**PROBLEM TO SOLVE**
Starting with the line where "The trial was" appears, print every line through the end of the entries below exactly as it stands, and leave out the pictures.

┌─ MATERIAL FOR THIS EXERCISE

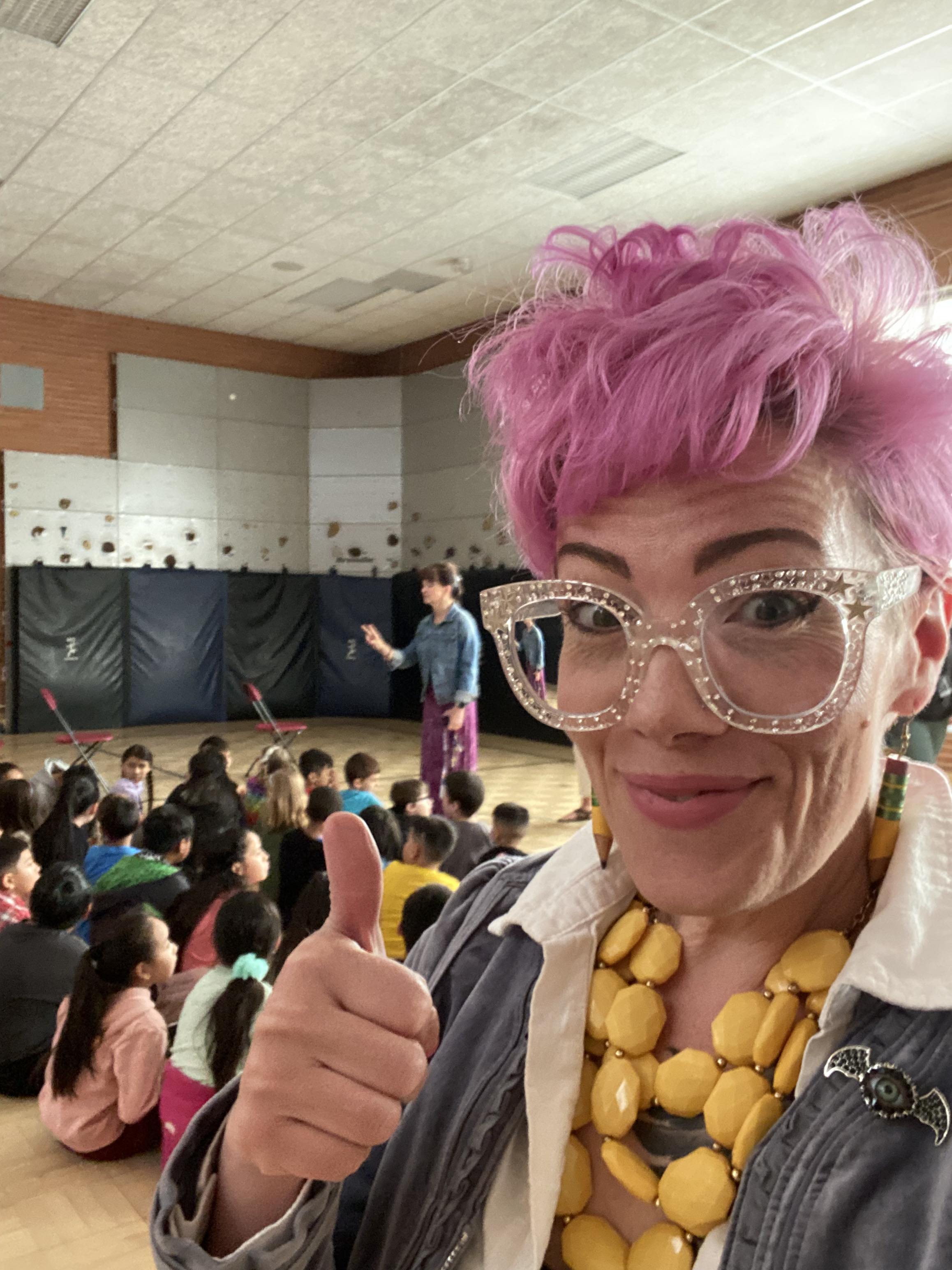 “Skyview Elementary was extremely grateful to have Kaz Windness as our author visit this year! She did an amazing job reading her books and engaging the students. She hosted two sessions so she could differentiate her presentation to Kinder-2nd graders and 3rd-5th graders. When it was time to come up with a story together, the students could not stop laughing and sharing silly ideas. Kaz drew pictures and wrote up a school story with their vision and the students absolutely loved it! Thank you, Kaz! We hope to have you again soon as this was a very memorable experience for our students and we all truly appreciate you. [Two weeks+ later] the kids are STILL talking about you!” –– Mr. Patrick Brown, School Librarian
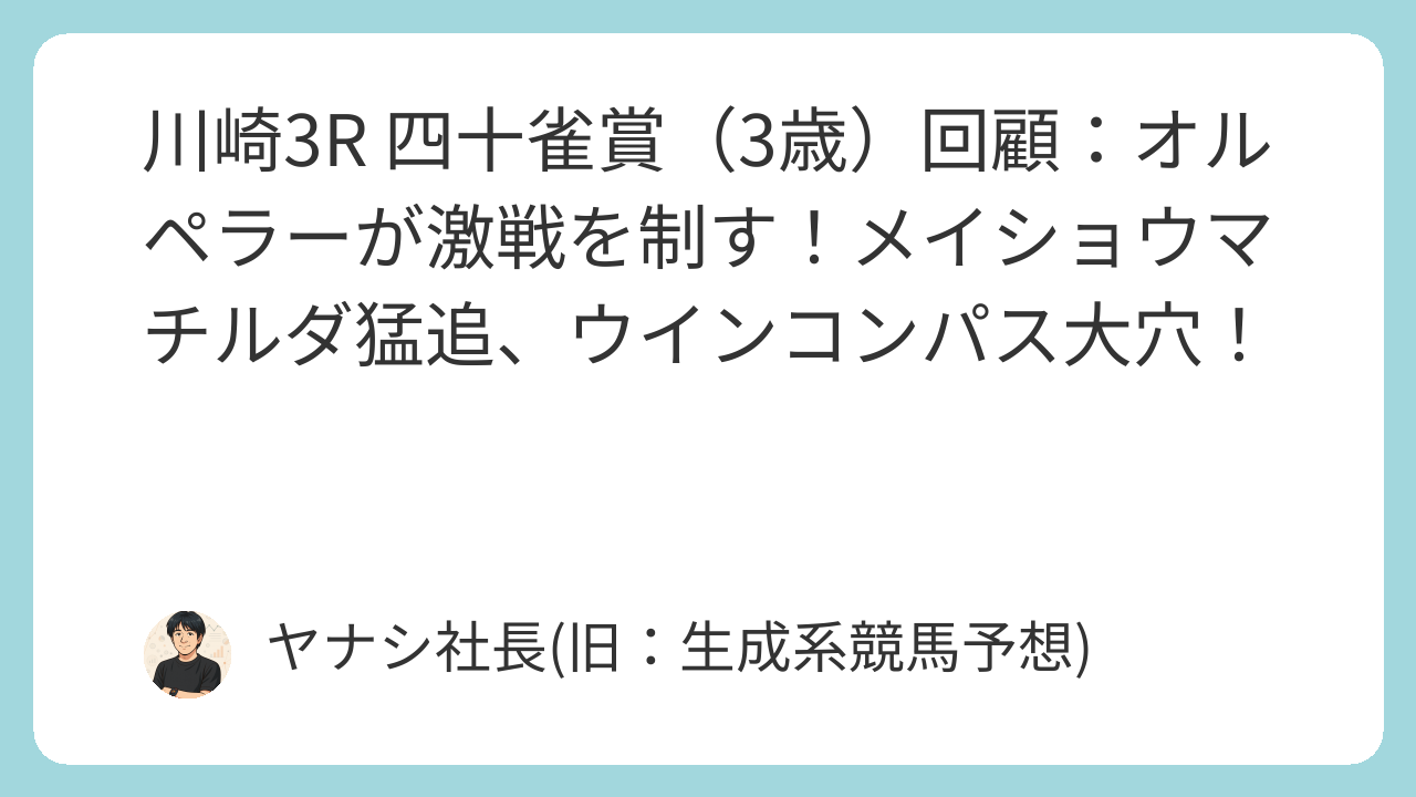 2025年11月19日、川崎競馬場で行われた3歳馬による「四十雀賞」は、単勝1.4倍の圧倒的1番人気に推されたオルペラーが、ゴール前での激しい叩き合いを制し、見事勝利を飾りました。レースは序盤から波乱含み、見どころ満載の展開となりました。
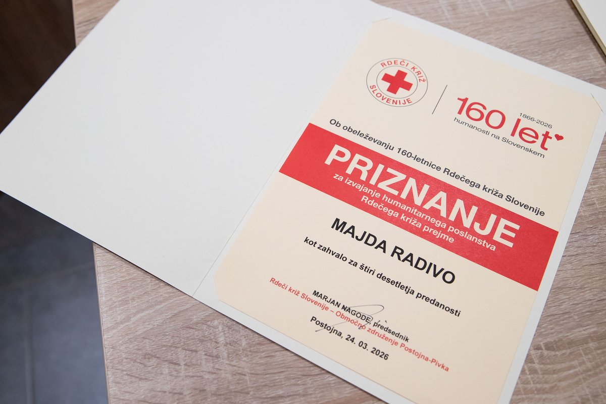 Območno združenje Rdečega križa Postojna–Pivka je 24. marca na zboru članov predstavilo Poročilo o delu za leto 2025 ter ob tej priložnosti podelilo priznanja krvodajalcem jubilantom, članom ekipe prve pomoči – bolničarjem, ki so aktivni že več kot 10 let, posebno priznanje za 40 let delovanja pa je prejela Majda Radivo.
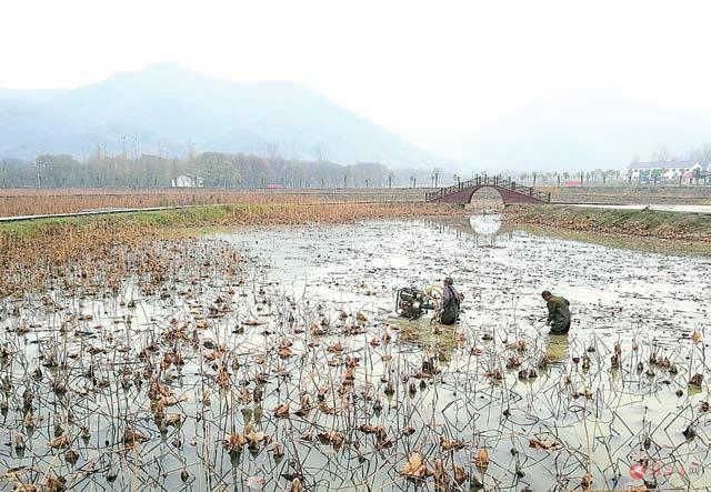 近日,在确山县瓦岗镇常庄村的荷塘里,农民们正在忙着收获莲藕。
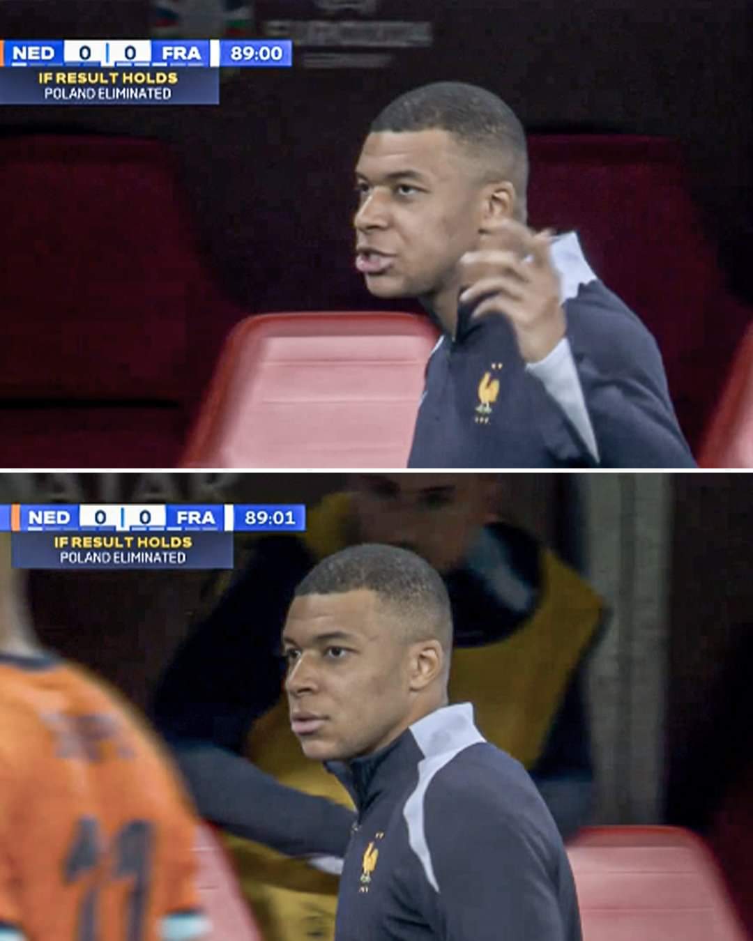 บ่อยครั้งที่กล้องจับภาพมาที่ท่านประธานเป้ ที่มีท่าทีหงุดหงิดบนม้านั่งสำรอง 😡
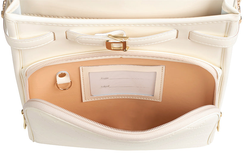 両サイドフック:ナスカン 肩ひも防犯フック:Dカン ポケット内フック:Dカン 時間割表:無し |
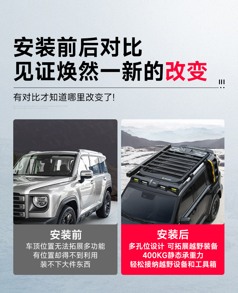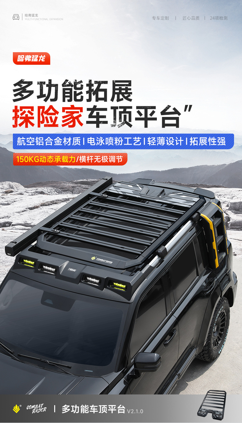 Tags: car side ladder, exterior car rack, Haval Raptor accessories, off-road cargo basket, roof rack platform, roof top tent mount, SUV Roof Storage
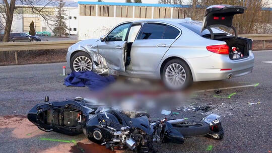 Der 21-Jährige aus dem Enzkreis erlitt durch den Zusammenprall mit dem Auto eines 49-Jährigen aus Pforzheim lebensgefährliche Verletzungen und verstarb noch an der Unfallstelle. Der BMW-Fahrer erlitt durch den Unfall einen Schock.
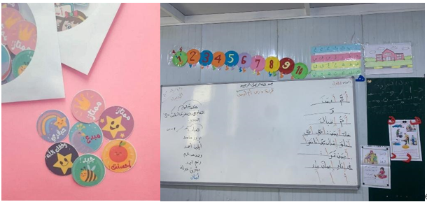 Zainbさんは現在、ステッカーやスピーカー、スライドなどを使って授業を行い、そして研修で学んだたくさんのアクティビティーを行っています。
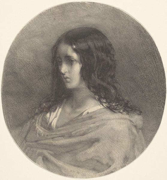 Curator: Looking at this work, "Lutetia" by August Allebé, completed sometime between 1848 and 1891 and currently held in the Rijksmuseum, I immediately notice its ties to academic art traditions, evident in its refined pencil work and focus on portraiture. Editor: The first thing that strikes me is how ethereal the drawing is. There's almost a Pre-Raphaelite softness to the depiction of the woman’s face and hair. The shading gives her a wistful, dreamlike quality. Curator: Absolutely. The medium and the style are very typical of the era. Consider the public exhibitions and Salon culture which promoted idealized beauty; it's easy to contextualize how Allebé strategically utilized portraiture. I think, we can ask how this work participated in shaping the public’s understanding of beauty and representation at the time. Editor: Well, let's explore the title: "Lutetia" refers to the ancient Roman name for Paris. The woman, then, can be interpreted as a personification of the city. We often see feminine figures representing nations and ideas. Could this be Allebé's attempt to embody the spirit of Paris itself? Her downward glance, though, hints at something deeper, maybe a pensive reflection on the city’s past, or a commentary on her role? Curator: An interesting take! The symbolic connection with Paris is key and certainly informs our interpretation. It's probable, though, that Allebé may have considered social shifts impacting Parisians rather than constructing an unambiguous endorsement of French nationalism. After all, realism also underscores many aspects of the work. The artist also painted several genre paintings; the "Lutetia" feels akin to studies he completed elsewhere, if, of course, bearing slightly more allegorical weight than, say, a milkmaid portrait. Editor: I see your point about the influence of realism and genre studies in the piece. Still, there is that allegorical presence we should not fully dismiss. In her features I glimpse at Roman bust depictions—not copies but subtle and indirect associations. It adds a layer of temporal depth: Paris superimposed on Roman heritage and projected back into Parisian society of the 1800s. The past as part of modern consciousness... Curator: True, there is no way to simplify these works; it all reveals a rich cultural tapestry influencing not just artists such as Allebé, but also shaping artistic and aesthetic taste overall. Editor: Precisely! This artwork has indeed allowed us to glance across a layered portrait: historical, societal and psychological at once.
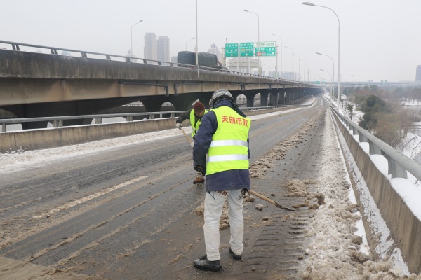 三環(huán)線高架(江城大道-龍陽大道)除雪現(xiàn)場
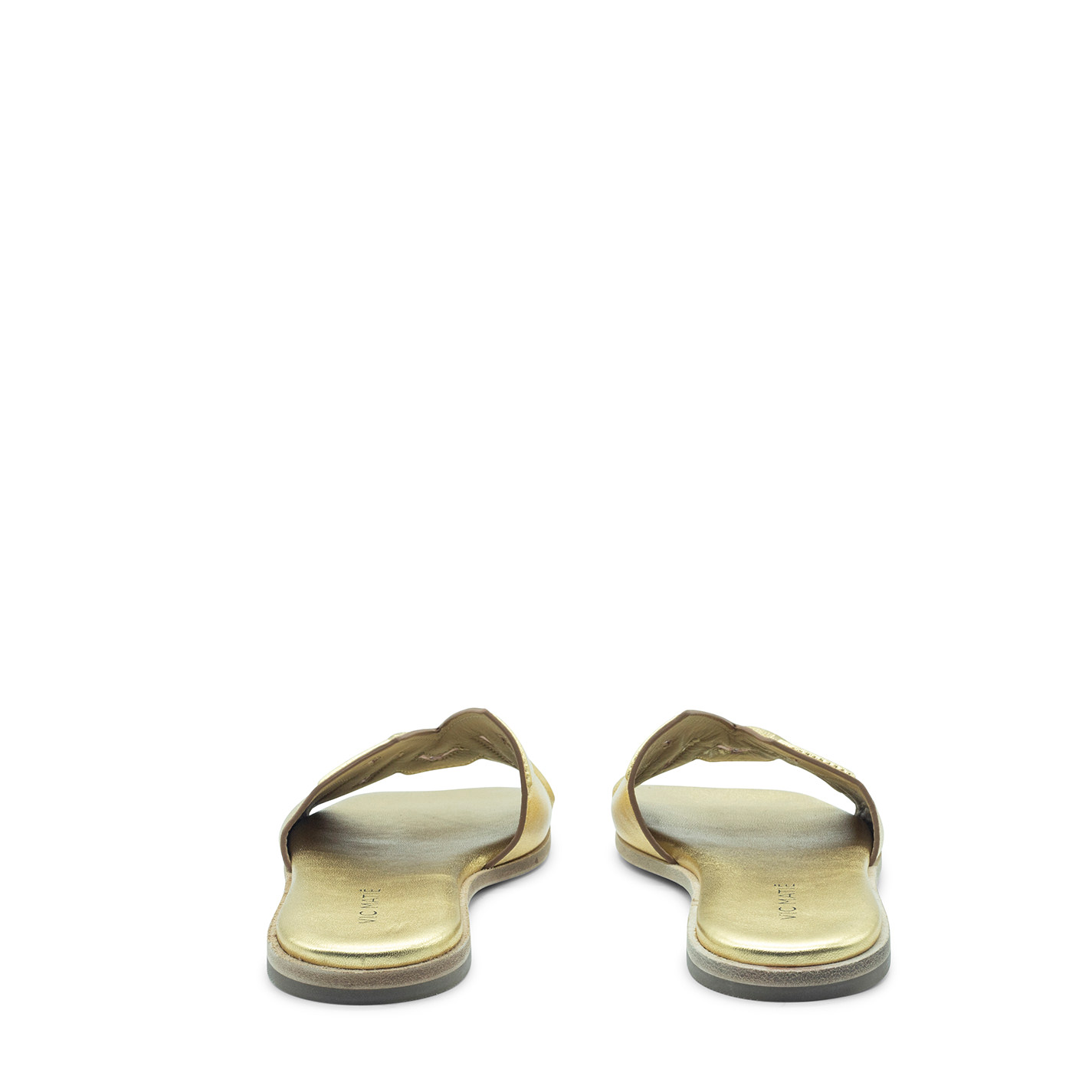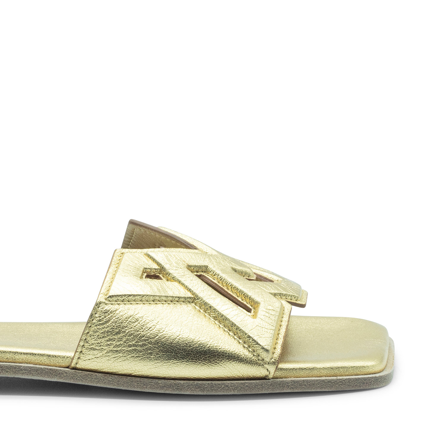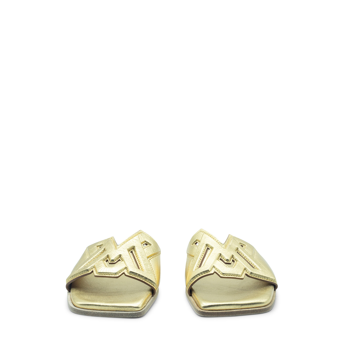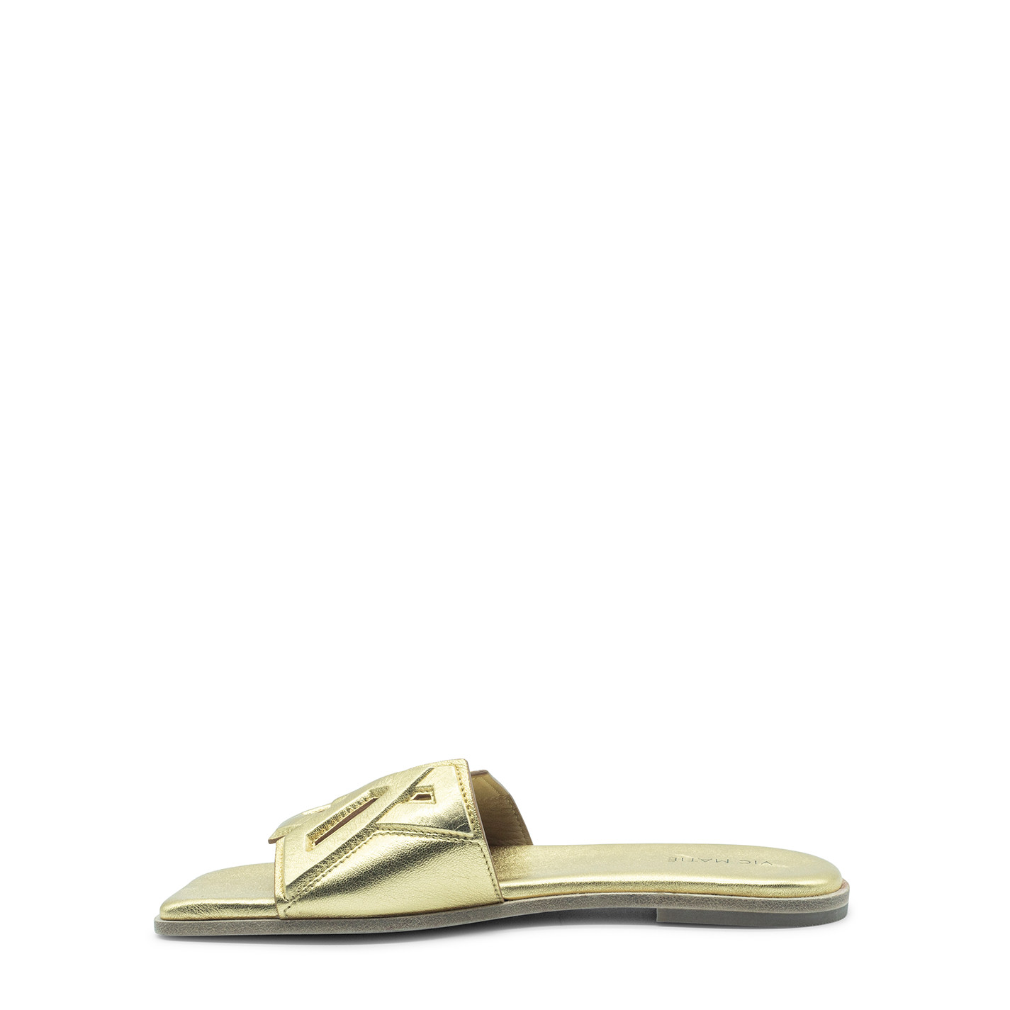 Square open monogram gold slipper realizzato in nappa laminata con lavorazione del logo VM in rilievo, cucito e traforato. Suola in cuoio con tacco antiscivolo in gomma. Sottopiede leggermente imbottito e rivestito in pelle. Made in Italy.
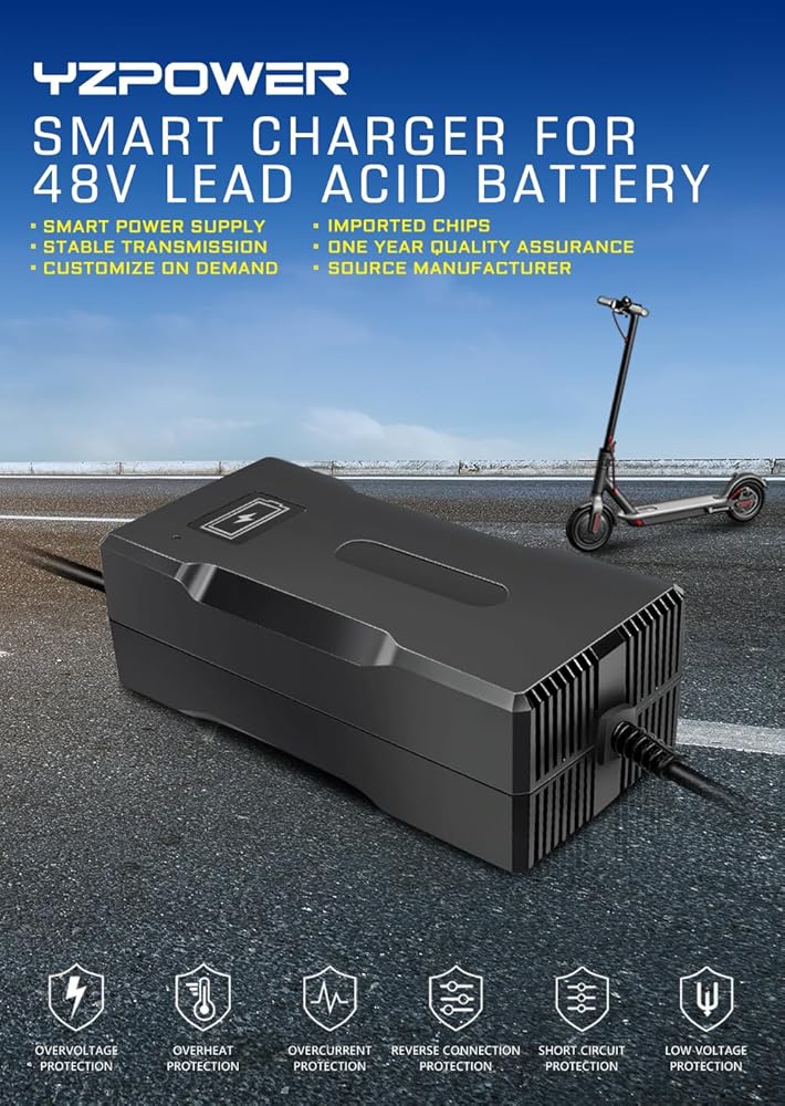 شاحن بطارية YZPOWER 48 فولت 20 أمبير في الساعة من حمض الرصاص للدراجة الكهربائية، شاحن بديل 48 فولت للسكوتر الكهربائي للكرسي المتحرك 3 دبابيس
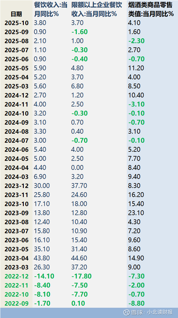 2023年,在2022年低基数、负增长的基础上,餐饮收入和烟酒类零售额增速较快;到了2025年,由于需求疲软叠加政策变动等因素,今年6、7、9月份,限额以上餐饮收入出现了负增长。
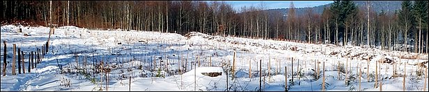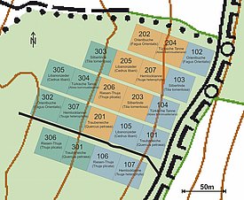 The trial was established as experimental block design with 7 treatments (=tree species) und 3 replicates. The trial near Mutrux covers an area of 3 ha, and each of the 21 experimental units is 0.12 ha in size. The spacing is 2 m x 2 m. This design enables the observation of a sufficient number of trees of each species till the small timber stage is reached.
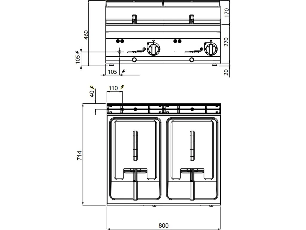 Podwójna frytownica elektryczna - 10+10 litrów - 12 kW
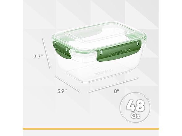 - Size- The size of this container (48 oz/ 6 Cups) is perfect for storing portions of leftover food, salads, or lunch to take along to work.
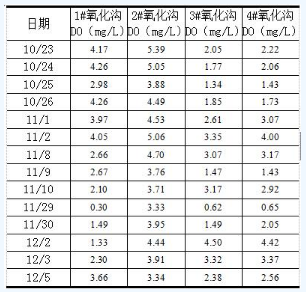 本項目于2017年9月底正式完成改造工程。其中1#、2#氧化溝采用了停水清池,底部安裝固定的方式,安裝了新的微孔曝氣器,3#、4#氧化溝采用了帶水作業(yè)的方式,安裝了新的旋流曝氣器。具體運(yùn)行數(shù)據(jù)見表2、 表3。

└─

**SOLUTION FOR THIS PROBLEM**
 The trial was established as experimental block design with 7 treatments (=tree species) und 3 replicates. The trial near Mutrux covers an area of 3 ha, and each of the 21 experimental units is 0.12 ha in size. The spacing is 2 m x 2 m. This design enables the observation of a sufficient number of trees of each species till the small timber stage is reached.
 Podwójna frytownica elektryczna - 10+10 litrów - 12 kW
 - Size- The size of this container (48 oz/ 6 Cups) is perfect for storing portions of leftover food, salads, or lunch to take along to work.
 本項目于2017年9月底正式完成改造工程。其中1#、2#氧化溝采用了停水清池,底部安裝固定的方式,安裝了新的微孔曝氣器,3#、4#氧化溝采用了帶水作業(yè)的方式,安裝了新的旋流曝氣器。具體運(yùn)行數(shù)據(jù)見表2、 表3。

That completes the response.